┌─ Data in this exercise
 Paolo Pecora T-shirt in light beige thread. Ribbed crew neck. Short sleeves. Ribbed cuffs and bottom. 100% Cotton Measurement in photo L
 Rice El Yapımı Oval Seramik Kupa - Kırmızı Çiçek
└─
┌─ Data in this exercise
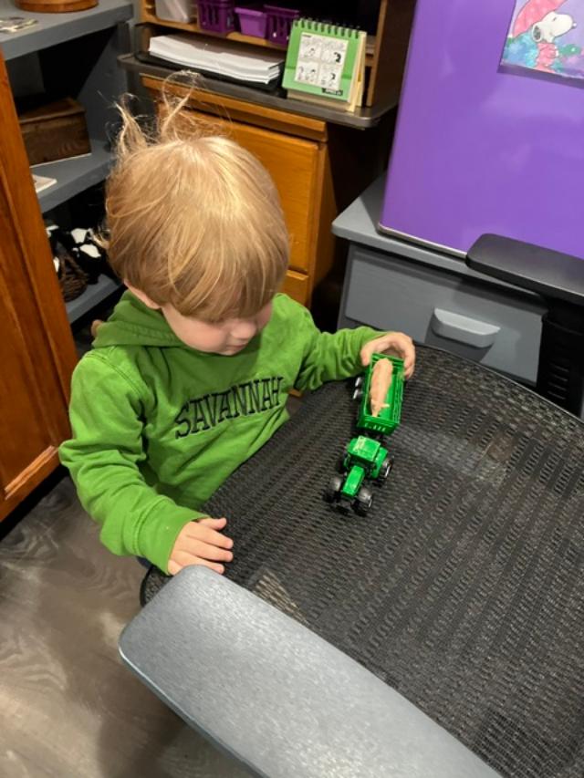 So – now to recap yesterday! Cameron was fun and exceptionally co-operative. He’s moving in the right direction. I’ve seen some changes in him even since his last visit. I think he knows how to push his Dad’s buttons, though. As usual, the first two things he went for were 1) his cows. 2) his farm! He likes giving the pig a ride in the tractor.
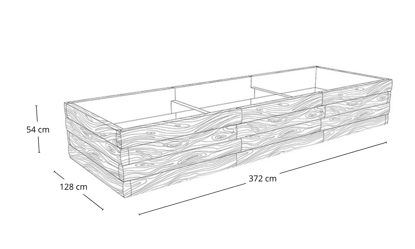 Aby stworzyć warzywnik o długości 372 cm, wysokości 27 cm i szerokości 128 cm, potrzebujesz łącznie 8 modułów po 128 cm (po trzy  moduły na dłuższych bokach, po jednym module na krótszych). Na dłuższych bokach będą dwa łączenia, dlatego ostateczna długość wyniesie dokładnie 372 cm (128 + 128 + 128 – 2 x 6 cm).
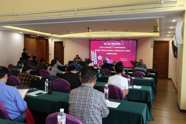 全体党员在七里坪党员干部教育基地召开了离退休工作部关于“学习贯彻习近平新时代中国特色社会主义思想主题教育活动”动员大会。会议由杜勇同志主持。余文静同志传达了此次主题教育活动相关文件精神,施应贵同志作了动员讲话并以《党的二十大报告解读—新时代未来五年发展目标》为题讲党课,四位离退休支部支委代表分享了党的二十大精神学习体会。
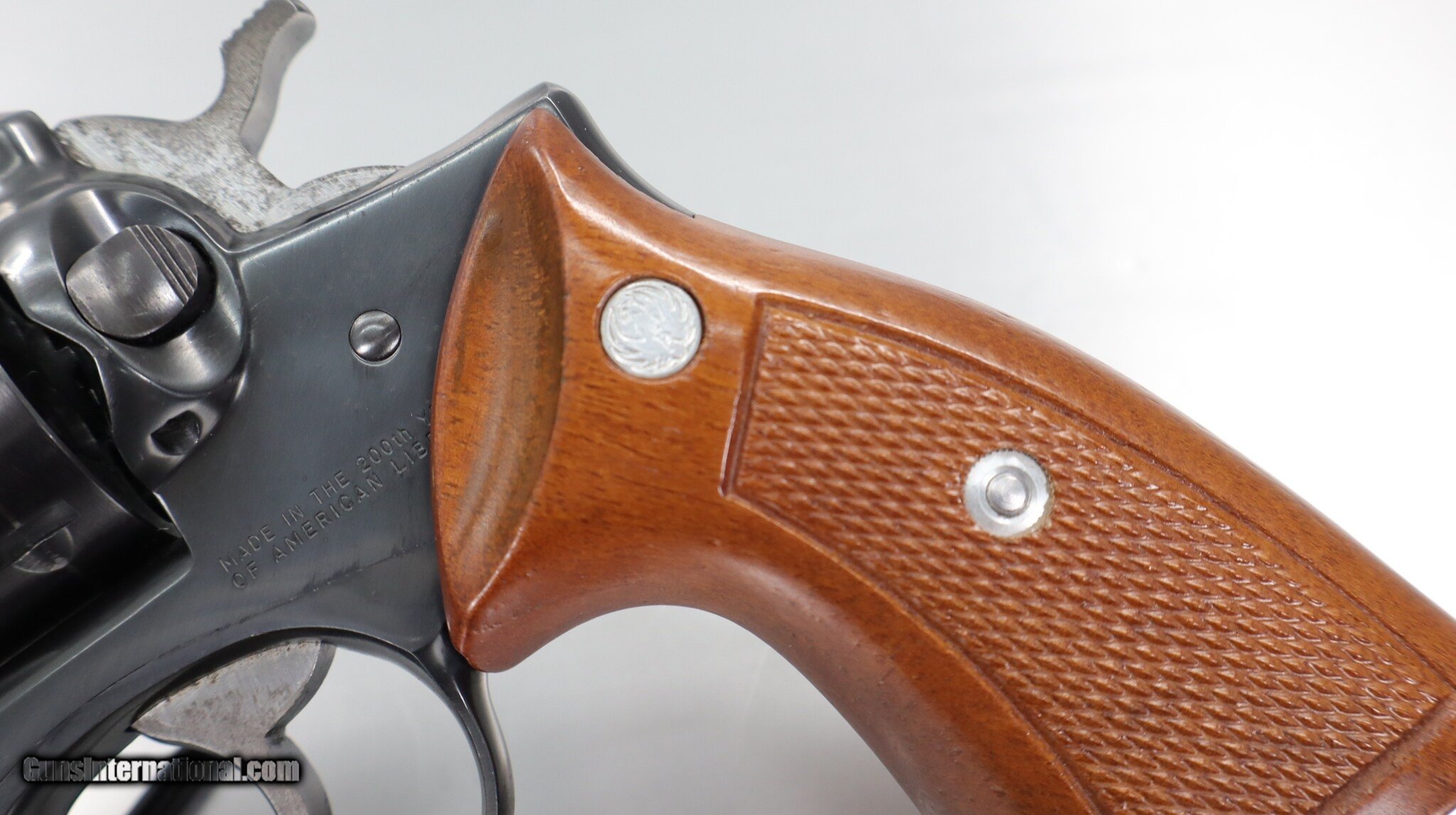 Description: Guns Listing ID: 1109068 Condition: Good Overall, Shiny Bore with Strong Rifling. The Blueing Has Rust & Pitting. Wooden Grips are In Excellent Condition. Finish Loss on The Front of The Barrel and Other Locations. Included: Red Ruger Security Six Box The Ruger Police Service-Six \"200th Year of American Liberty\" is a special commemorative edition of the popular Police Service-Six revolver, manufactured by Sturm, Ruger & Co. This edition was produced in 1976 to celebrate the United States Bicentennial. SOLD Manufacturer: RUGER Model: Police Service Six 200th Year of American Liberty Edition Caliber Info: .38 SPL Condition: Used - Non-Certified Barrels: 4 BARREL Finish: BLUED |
└─
Required action: Would you restate, exactly and with no pictures, the lines of the entries above from the one containing "Aby stworzyć warzywnik" through the one containing "全体党员在七里坪党员干部教育"?

Exercise response:
 Aby stworzyć warzywnik o długości 372 cm, wysokości 27 cm i szerokości 128 cm, potrzebujesz łącznie 8 modułów po 128 cm (po trzy  moduły na dłuższych bokach, po jednym module na krótszych). Na dłuższych bokach będą dwa łączenia, dlatego ostateczna długość wyniesie dokładnie 372 cm (128 + 128 + 128 – 2 x 6 cm).
 全体党员在七里坪党员干部教育基地召开了离退休工作部关于“学习贯彻习近平新时代中国特色社会主义思想主题教育活动”动员大会。会议由杜勇同志主持。余文静同志传达了此次主题教育活动相关文件精神,施应贵同志作了动员讲话并以《党的二十大报告解读—新时代未来五年发展目标》为题讲党课,四位离退休支部支委代表分享了党的二十大精神学习体会。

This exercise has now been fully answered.